=== REQUIREMENT ===
Every entry that follows should be repeated exactly; drop the images.

=== EXTRACTED DATA ===
────────────────────

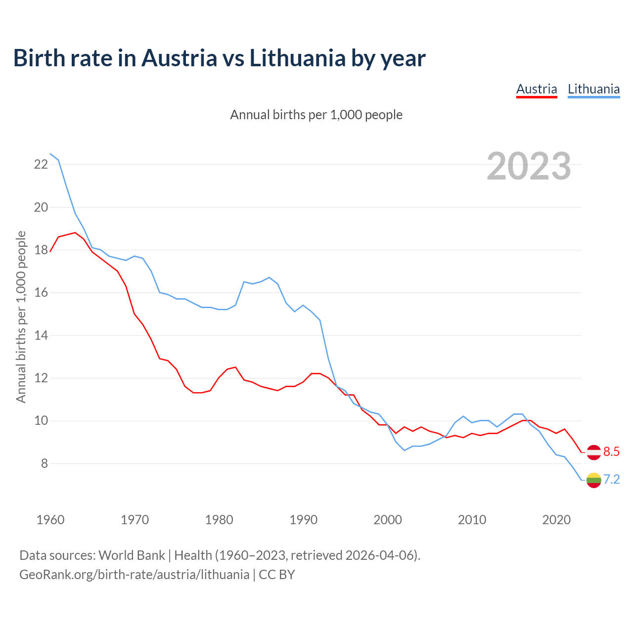 GeoRank.org/birth-rate/austria/lithuania | CC BY
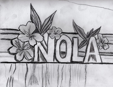 This soft graphite sketch blends the bold identity of New Orleans with the gentleness of nature. The strong “NOLA” lettering stands grounded like a...
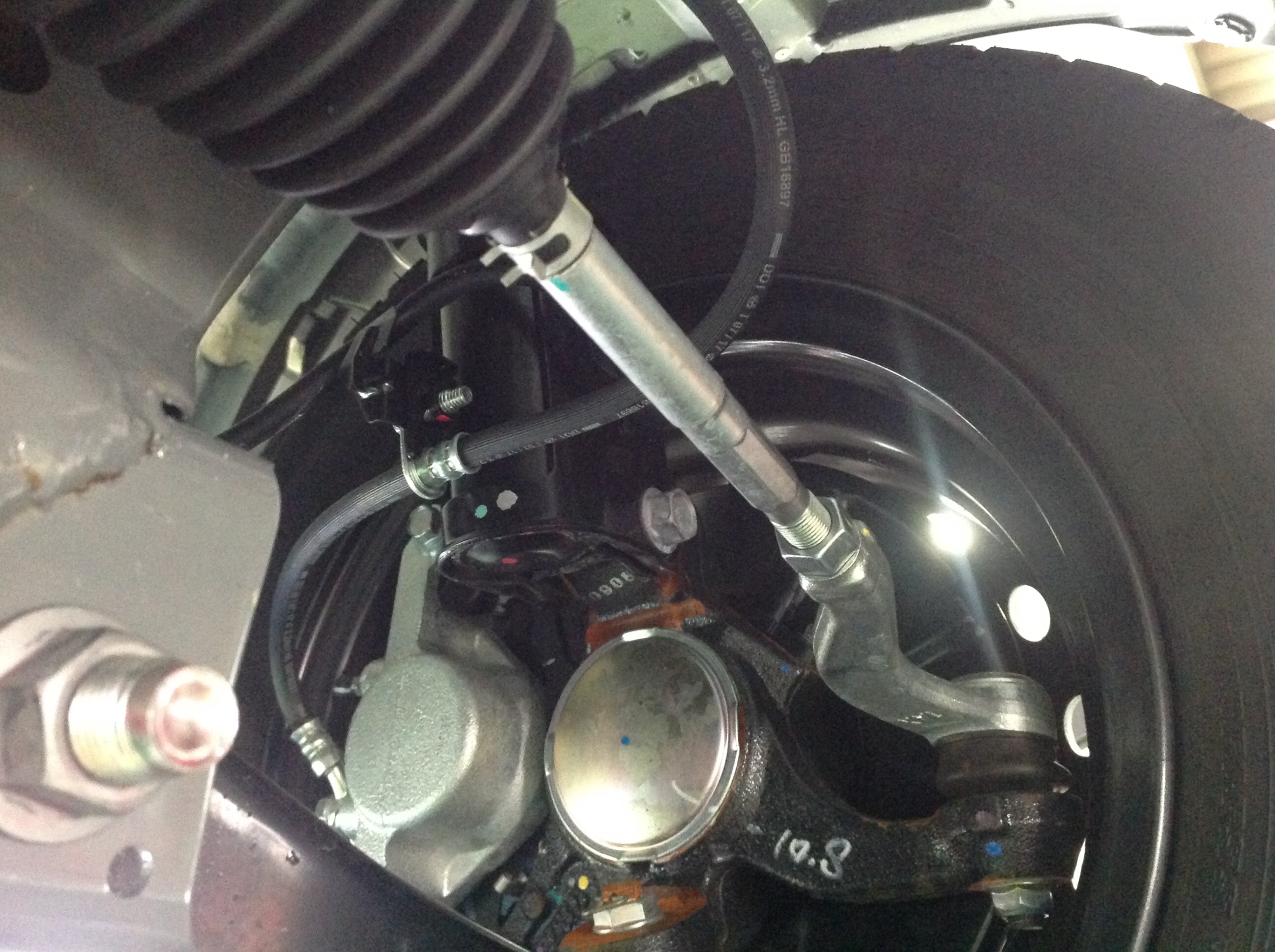 この車は通常の調整機構ではフロントトーしか調整できないのですが、キャンバーの左右差などがあり、車が左に流れていく状態でしたので、ストラットボルトのガタを利用してキャンバーの左右差を縮めてから調整しました。
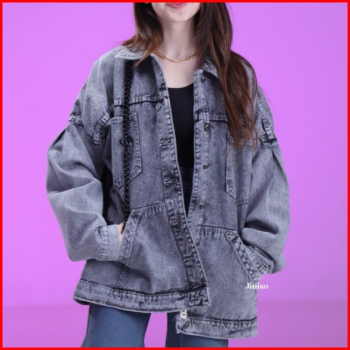 Jiniso Jaket Jeans Oversize Pocket Atlas Snow Grey
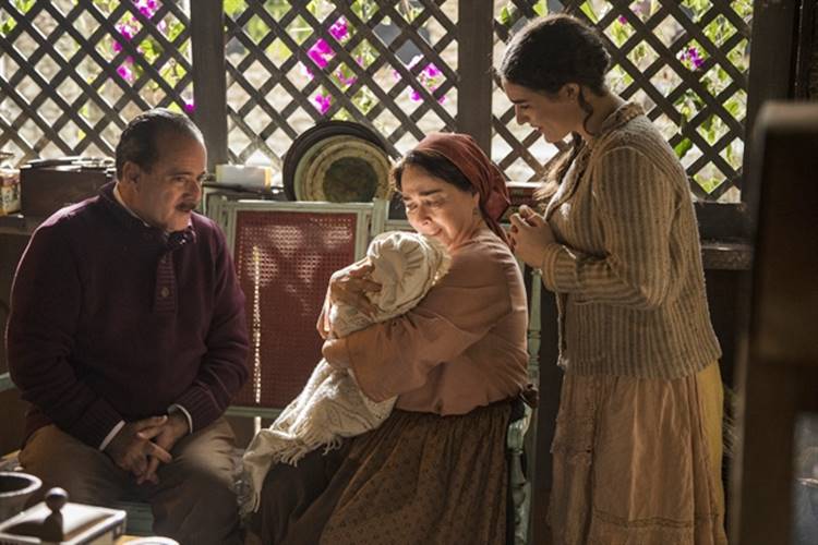 José Augusto diz o que o levou até Sobreiro: “Trouxe alguém para a senhora conhecer”. “Quem, senhor José Augusto?”, pergunta Angélica. Ele vai até o carro onde está Firmino e volta com a bebê nos braços. “Esta é Mariana, filha de Maria Vitória…”, ele diz. “A filha do meu…”, tenta falar Henriqueta, mas José Augusto a interrompe. “Achei que devias conhecer tua sobrinha-neta. Mariana, esta é tua tia, dona Henriqueta. E Angélica”, apresenta José Augusto, com muito carinho.

────────────────────

=== PROBLEM SOLUTION ===
 GeoRank.org/birth-rate/austria/lithuania | CC BY
 This soft graphite sketch blends the bold identity of New Orleans with the gentleness of nature. The strong “NOLA” lettering stands grounded like a...
 この車は通常の調整機構ではフロントトーしか調整できないのですが、キャンバーの左右差などがあり、車が左に流れていく状態でしたので、ストラットボルトのガタを利用してキャンバーの左右差を縮めてから調整しました。
 Jiniso Jaket Jeans Oversize Pocket Atlas Snow Grey
 José Augusto diz o que o levou até Sobreiro: “Trouxe alguém para a senhora conhecer”. “Quem, senhor José Augusto?”, pergunta Angélica. Ele vai até o carro onde está Firmino e volta com a bebê nos braços. “Esta é Mariana, filha de Maria Vitória…”, ele diz. “A filha do meu…”, tenta falar Henriqueta, mas José Augusto a interrompe. “Achei que devias conhecer tua sobrinha-neta. Mariana, esta é tua tia, dona Henriqueta. E Angélica”, apresenta José Augusto, com muito carinho.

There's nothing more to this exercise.